*** The data Section Begins ***
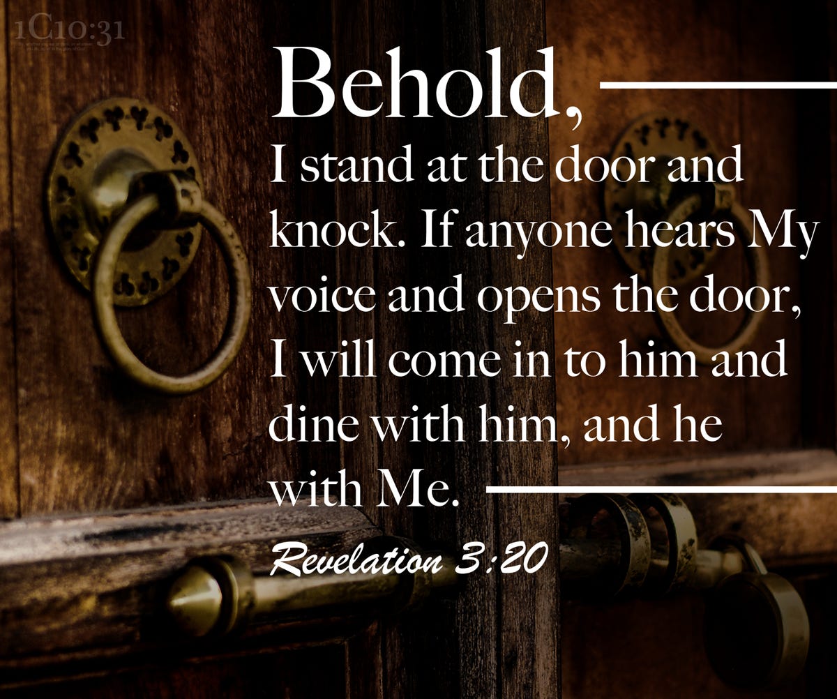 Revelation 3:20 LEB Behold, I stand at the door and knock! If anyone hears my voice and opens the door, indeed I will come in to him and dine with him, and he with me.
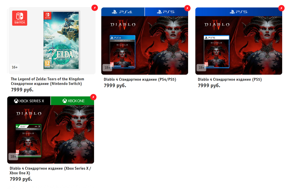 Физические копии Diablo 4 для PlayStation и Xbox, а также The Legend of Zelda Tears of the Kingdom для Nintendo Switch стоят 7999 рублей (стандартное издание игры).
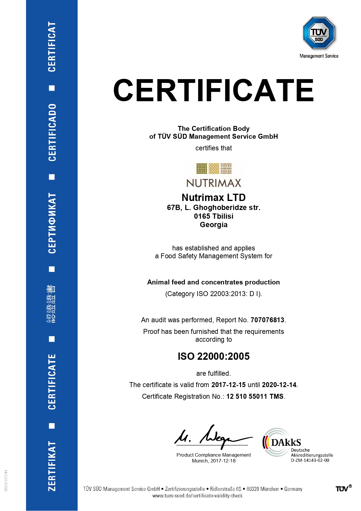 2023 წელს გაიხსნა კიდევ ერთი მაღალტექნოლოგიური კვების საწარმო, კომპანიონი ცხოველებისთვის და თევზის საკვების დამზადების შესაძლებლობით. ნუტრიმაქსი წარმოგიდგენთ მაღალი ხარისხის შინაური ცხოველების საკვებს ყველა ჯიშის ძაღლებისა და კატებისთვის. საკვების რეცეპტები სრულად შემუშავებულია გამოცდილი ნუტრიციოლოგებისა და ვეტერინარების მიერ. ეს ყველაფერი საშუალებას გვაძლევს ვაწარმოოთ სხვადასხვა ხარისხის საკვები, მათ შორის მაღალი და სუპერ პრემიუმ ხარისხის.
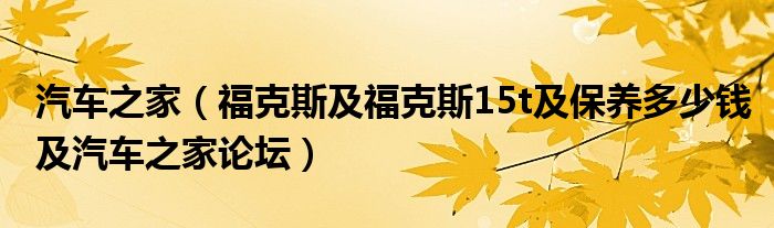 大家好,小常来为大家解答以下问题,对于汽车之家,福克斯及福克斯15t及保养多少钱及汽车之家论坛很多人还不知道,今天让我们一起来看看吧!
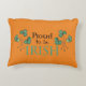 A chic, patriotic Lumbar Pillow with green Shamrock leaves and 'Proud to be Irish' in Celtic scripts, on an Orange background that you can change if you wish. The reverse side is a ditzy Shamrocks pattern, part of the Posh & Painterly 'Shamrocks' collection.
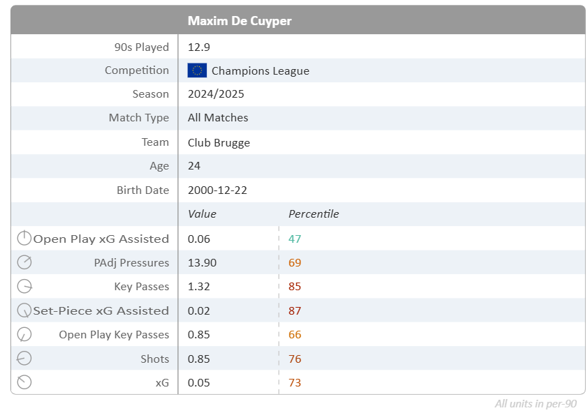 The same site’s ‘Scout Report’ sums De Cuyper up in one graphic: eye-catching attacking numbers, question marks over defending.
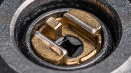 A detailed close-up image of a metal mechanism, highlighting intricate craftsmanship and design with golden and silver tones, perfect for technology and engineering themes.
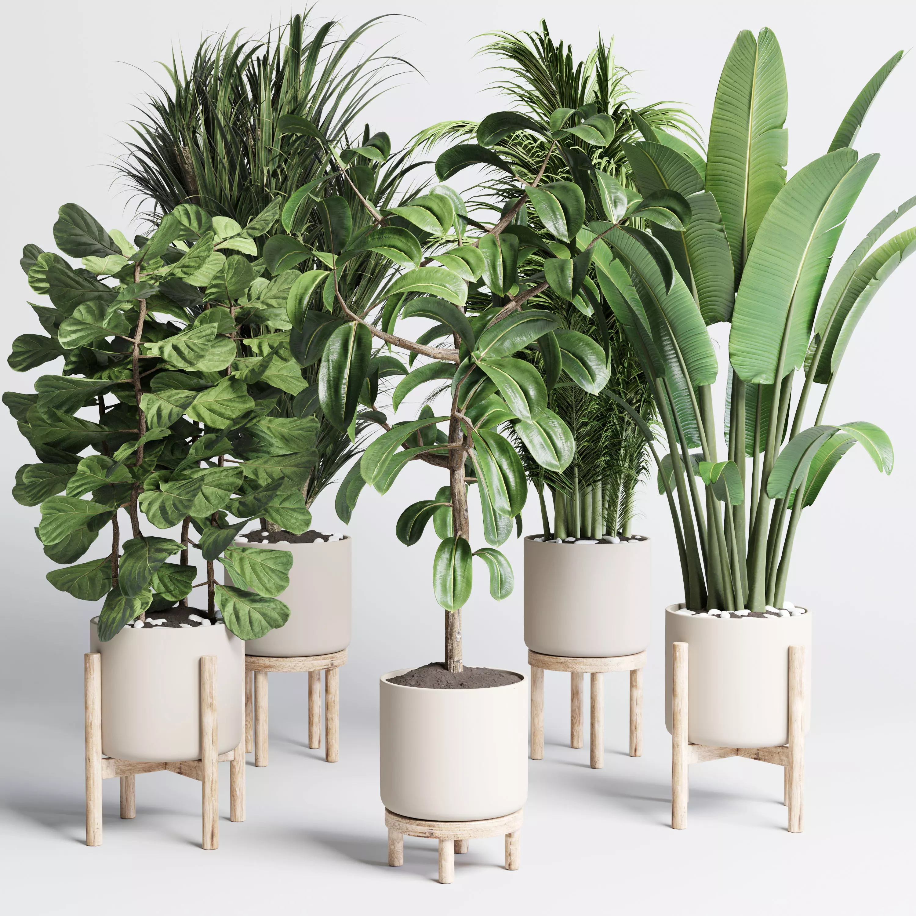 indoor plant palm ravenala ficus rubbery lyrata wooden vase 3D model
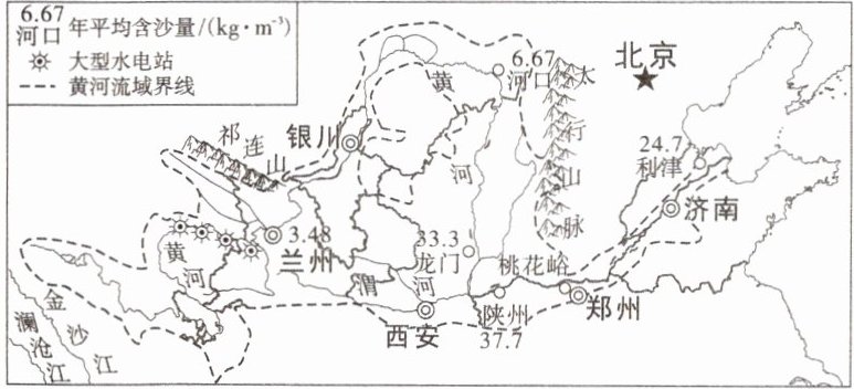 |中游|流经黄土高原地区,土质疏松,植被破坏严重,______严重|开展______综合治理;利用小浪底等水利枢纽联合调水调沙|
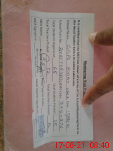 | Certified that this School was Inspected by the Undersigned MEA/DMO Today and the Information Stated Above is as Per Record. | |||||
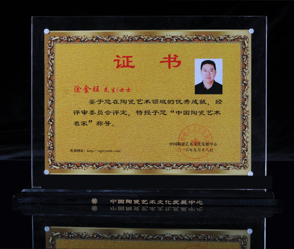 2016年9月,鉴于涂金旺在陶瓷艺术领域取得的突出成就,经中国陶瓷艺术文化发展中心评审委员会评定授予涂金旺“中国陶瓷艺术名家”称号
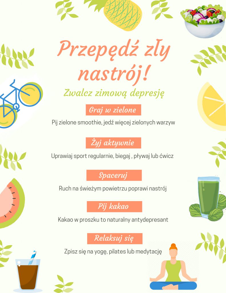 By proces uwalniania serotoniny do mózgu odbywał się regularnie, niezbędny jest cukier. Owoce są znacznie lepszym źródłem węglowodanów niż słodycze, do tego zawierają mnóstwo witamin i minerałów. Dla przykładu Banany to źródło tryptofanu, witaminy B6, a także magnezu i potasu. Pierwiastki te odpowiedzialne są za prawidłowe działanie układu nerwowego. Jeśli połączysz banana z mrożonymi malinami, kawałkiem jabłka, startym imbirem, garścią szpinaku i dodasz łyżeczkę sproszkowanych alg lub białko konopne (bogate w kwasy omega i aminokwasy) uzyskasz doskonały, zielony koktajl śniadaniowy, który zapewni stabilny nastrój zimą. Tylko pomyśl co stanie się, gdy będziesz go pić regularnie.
*** The data Section Ends ***
_Task goal_
Without the pictures, return the whole of the data exactly as given.

_Problem solution_
 Revelation 3:20 LEB Behold, I stand at the door and knock! If anyone hears my voice and opens the door, indeed I will come in to him and dine with him, and he with me.
 Физические копии Diablo 4 для PlayStation и Xbox, а также The Legend of Zelda Tears of the Kingdom для Nintendo Switch стоят 7999 рублей (стандартное издание игры).
 2023 წელს გაიხსნა კიდევ ერთი მაღალტექნოლოგიური კვების საწარმო, კომპანიონი ცხოველებისთვის და თევზის საკვების დამზადების შესაძლებლობით. ნუტრიმაქსი წარმოგიდგენთ მაღალი ხარისხის შინაური ცხოველების საკვებს ყველა ჯიშის ძაღლებისა და კატებისთვის. საკვების რეცეპტები სრულად შემუშავებულია გამოცდილი ნუტრიციოლოგებისა და ვეტერინარების მიერ. ეს ყველაფერი საშუალებას გვაძლევს ვაწარმოოთ სხვადასხვა ხარისხის საკვები, მათ შორის მაღალი და სუპერ პრემიუმ ხარისხის.
 大家好,小常来为大家解答以下问题,对于汽车之家,福克斯及福克斯15t及保养多少钱及汽车之家论坛很多人还不知道,今天让我们一起来看看吧!
 A chic, patriotic Lumbar Pillow with green Shamrock leaves and 'Proud to be Irish' in Celtic scripts, on an Orange background that you can change if you wish. The reverse side is a ditzy Shamrocks pattern, part of the Posh & Painterly 'Shamrocks' collection.
 The same site’s ‘Scout Report’ sums De Cuyper up in one graphic: eye-catching attacking numbers, question marks over defending.
 A detailed close-up image of a metal mechanism, highlighting intricate craftsmanship and design with golden and silver tones, perfect for technology and engineering themes.
 indoor plant palm ravenala ficus rubbery lyrata wooden vase 3D model
 |中游|流经黄土高原地区,土质疏松,植被破坏严重,______严重|开展______综合治理;利用小浪底等水利枢纽联合调水调沙|
 | Certified that this School was Inspected by the Undersigned MEA/DMO Today and the Information Stated Above is as Per Record. | |||||
 2016年9月,鉴于涂金旺在陶瓷艺术领域取得的突出成就,经中国陶瓷艺术文化发展中心评审委员会评定授予涂金旺“中国陶瓷艺术名家”称号
 By proces uwalniania serotoniny do mózgu odbywał się regularnie, niezbędny jest cukier. Owoce są znacznie lepszym źródłem węglowodanów niż słodycze, do tego zawierają mnóstwo witamin i minerałów. Dla przykładu Banany to źródło tryptofanu, witaminy B6, a także magnezu i potasu. Pierwiastki te odpowiedzialne są za prawidłowe działanie układu nerwowego. Jeśli połączysz banana z mrożonymi malinami, kawałkiem jabłka, startym imbirem, garścią szpinaku i dodasz łyżeczkę sproszkowanych alg lub białko konopne (bogate w kwasy omega i aminokwasy) uzyskasz doskonały, zielony koktajl śniadaniowy, który zapewni stabilny nastrój zimą. Tylko pomyśl co stanie się, gdy będziesz go pić regularnie.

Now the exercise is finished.